Silence Ain’t Always Golden
Strep throat sucks.
Have you ever taken a few glass bottles, put them in the blender, and then swallowed those shards of glass, every five minutes for three solid days?
No? Well, me neither. But, I sure know how it would feel if I did.
My precious middle child is a magnet for everything. If there is some illness out there to catch, Benjamin will catch it. And, I love all over that kid often because he’s my only cuddle-bug. Hence, the Shards of Glass Swallowing of 2012.
Thankfully, it wasn’t as bad as a stomach bug. Nothing beats a stomach bug. Been there done that. But still, strep is So. Not. Cool.
I went to the doctor immediately to avoid another wicked inner ear infection like I had a couple months ago. They gagged me with a Q-tip to check for strep. Then, they proceeded to tell me it would take three days to “grow”. I’m fairly sure this nurse was using my gunk for her kid’s science fair project. Because I knew at this very moment, Benjamin was at the pediatrician’s office down the road and they get results in six minutes flat. Literally. I’m pretty friendly with our pediatrician and he bragged about his quick test once, so I counted down for him “Ok show off…3-2-1..Go!”, just for fun. Sure enough- six minutes. Done. Three days my foot.
Strep or no strep, I desperately needed my doc to give me some sort of high pressured numbing foam to spray in the back of my throat like they spray insulation on all those home improvement shows. Like, now. Chloreseptic was a joke at this point. Worthless, except in giving me cherry flavored breath. It was time to call in the big guns.
I got an antibiotic in the form of a pill – not a big gun.
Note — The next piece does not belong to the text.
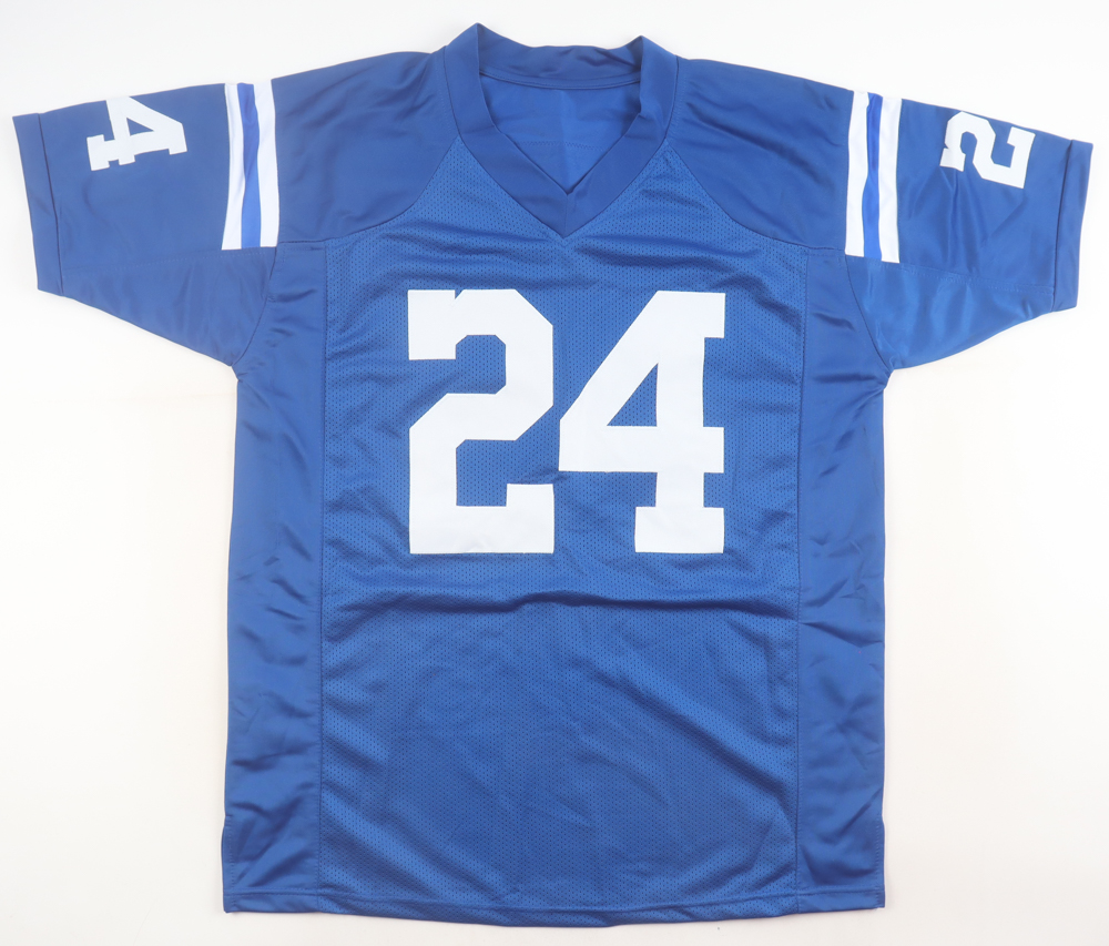 Custom jersey with everything sewn on, size XL. Hand-signed and inscribed by Lenny Moore (HOF).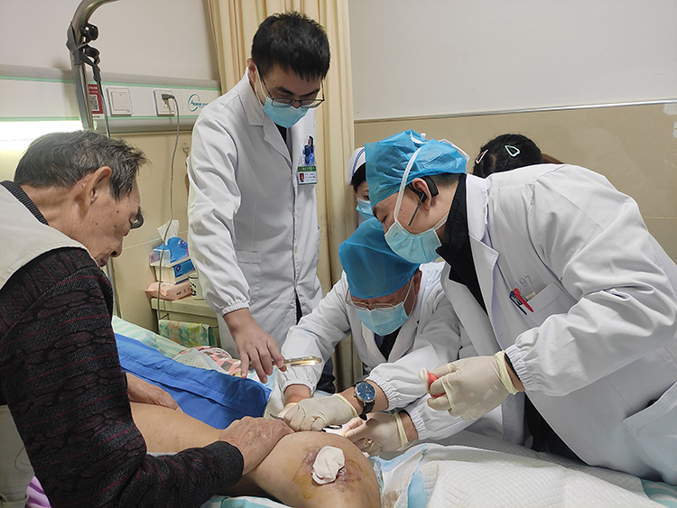 10月22日,應(yīng)海安市中醫(yī)院之邀,《中國(guó)燒傷創(chuàng)瘍雜志》常務(wù)編委、燒傷創(chuàng)瘍?cè)偕t(yī)療技術(shù)臨床專(zhuān)家趙瑞慶,在該院會(huì)診了2例慢創(chuàng)病人(下肢外傷內(nèi)固定術(shù)后鋼板外露、多發(fā)性壓迫性潰瘍)。之后在科內(nèi)進(jìn)行了《再生技術(shù)治療十大慢創(chuàng)疾病》的培訓(xùn),耐心地解答了大家提出的諸多臨床問(wèn)題,承諾踐行走基層活動(dòng)得到當(dāng)?shù)蒯t(yī)護(hù)人員的一致好評(píng)!

The next day I felt like I’d have to die to get to feeling better. So, they shot me in the hiney with a new antibiotic and sent me to the ENT for further expertise, because yes, it really was that bad. Like, almost-emergency-tonsillectomy-kind-of-bad. Awesome. ‘Cause that’s what I need in my life is more medical drama than I already have.
It actually only hurt when I tried to breathe, swallow, talk, or move. So, as long as I avoided any of those things, I was golden. I’m not sure if you’ve ever tried to make it without breathing, swallowing, talking or moving for very long – but, it is fairly impossible.
That is when it began.
I never lack for words. Understatement of the millennium. In fact, I think God gave me a double-dose of words each day, as a gift to those around me. My husband isn’t so sure about that. I’m pretty sure I stole half of his daily words too. He has like twelve. He says to me, “Baby, it’s not like I’m shy. I just don’t feel the need to have to talk to everybody I see all the time.” Well I do. Hmm…was that an insult? Moving on,
This particular time wasn’t a chosen vow of silence to sit back and reflect, ponder, appreciate. It was forced upon me as cruel and unusual punishment. It was annoying. It was painful. It was inconvenient. And it came with a 101 fever.
I did however, learn a lot as a Mom this week.
First, you can still yell at your kids in a whisper. It actually sounds pretty movie-monster-scary. You should try it. 🙂
Second, whistling loudly should be a required course taught to all new mothers before they leave the hospital with their newborn. Snapping and clapping just don’t cut it. Plus, you look like an idiot.
Lastly, kids are hilarious. It literally took days for mine to realize that Mama couldn’t talk, not just that she wouldn’t talk. Of course then, two things happened; they thought because I couldn’t talk that I also couldn’t see, so they tried to get away with murder. Wrong. Even funnier was how they thought they had to whisper at me too. As if their talking loud would hurt my throat. This was hilarious, because my middle child, aka ‘the strep-giver’ doesn’t grasp how to whisper. His idea of whispering is quickly mouthing the words while making wild hand gestures.“Buddy, I can still hear you just fine. Speak! I have no clue what you’re trying to ‘whisper’ to me!” That kid’s gonna rock charades someday.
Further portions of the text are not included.